El policía se levanta. Su perfume se extiende inmediatamente. Su pelo esparce reflejos rubios. Un desayuno con miel. Camina en silencio y se mete las manos en los bolsillos. Jadiya toma aire para pronunciar una frase entera:

– ¿Lo… han… matado… o… no?

– Sí. No cabe ninguna duda. -Hace una pausa-. Pero no tenemos el cuerpo.

Ella cierra los ojos y el pánico se desata. El policía prosigue, como si leyera el miedo en su rostro:

– Espere. En la cámara, Reverdi consiguió escapar. Los monos y las mascarillas impedían a mis compañeros moverse con rapidez. Él salió corriendo, descalzo, en apnea. En los pasillos nadie se atrevió a disparar; era demasiado peligroso.

Jadiya imagina los dédalos circulares, los pasillos de acero, los aparatos. A Reverdi con el traje negro de buzo y los pulmones bloqueados, desapareciendo entre los reflejos cromados.

– En la entrada, los tiradores lo alcanzaron. Recibió como mínimo cinco disparos en el vientre. Le hablo de tiradores de élite. Tipos superentrenados. Se puede confiar en ellos.

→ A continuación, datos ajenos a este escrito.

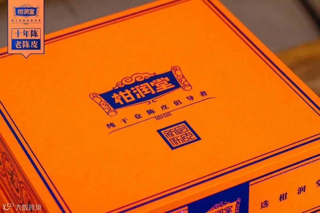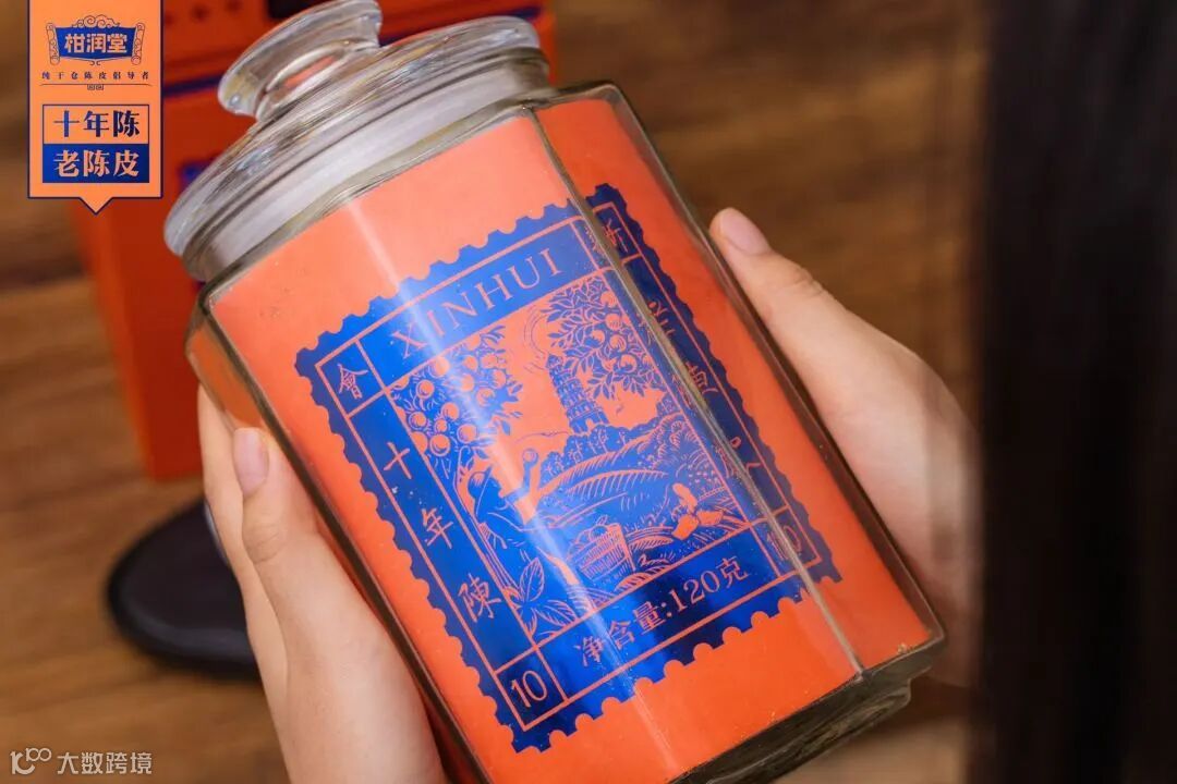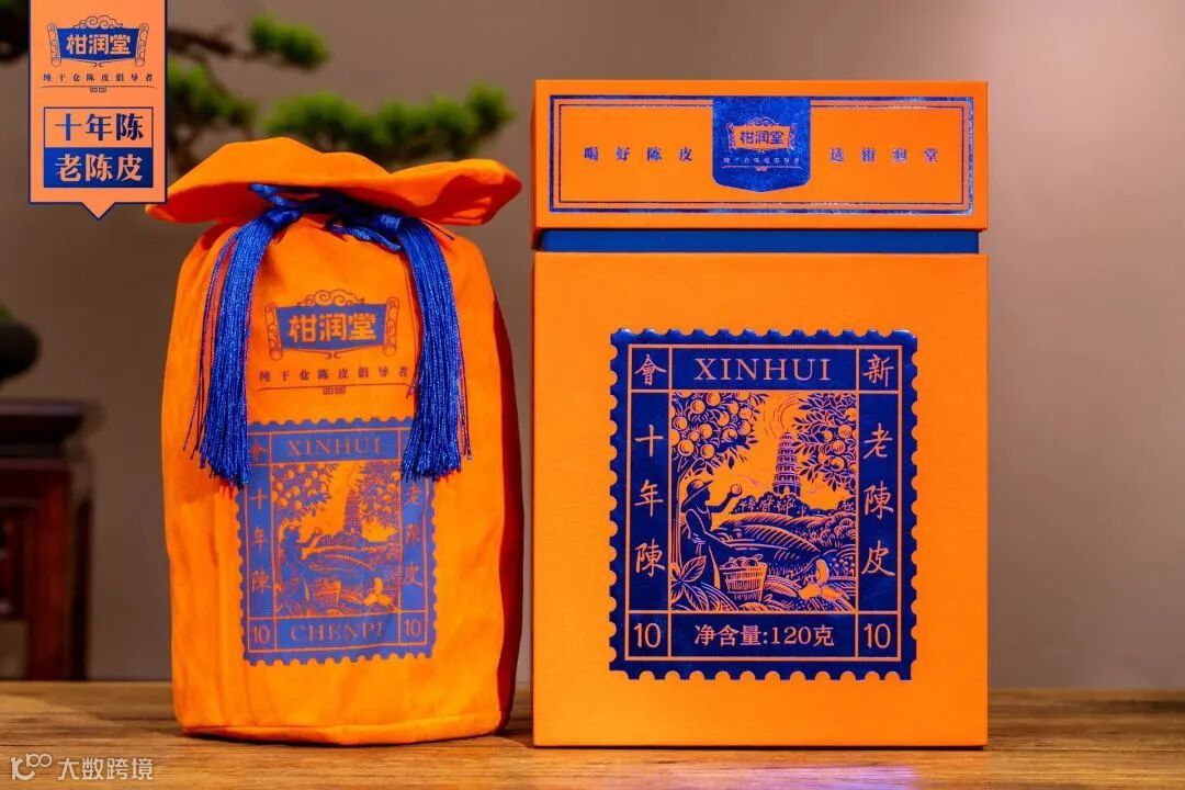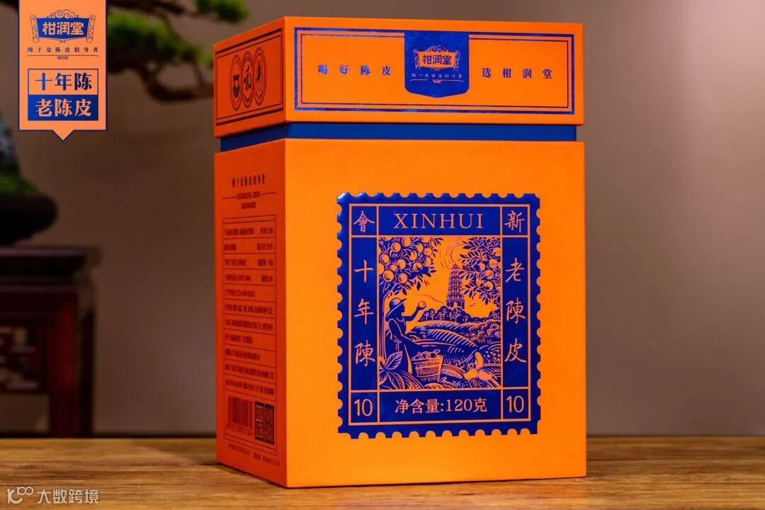 【十年陈·老陈皮】包装,整体以桔红色为色调,图案以复古邮票元素突出老陈皮年份感,

– ¿Por qué… no hay cuerpo?

– Pese a las heridas, consiguió salir del terreno vallado por el oeste. La fábrica se encuentra situada en Nogent-sur-Marne, lo sabe, ¿no? Creemos que se metió en el río que bordea la instalación.

Se interrumpe, se acerca a la mesa con ruedas y acaricia distraídamente las flores.

– En cierto sentido, es bastante horrible imaginarlo: ese tipo con traje de buzo atraído por las aguas, como un animal que volviera a su elemento.

Sin darse cuenta, el policía arranca unos pétalos.

– Cayó al agua ya muerto. Eso es indudable. Llevan diez días dragando el río.

Ella cierra los ojos. Él insiste, como si le leyera el pensamiento:

– Está muerto, Jadiya. Seguro.

Añade algo más, pero Jadiya oye la voz de Reverdi, de pie en la cámara: «Allí donde hay agua, soy invencible».

87

A principios del mes de noviembre, Marc se despertó.

Jadiya no guardaba cama desde hacía varios días. Fue a verlo. Estaba instalado en la habitación contigua, pero era la primera vez que la dejaban entrar. Cuando lo vio, sintió miedo. No a causa de los aparatos que lo rodeaban, ni de las pantallas que mostraban el funcionamiento de su organismo, sino a causa de él. De su rostro. Esa frente inclinada, terca, que parecía atormentada aún por las tinieblas, bajo el pelo cortado al cepillo… También lo habían pelado; los dos parecían supervivientes de un campo de concentración.

Se esforzó en sonreír pese a los tirones de los labios. Marc había adelgazado mucho. Los huesos de la cara sobresalían bajo la piel, acentuando las sombras sobre su piel blanca. La cabeza de un muerto. Al mismo tiempo, era una palidez viva, casi fosforescente bajo los cabellos rubios. Le recordó esas lamparitas que se hacen con la piel de una naranja, cuya pulpa blanca arde sin solución de continuidad.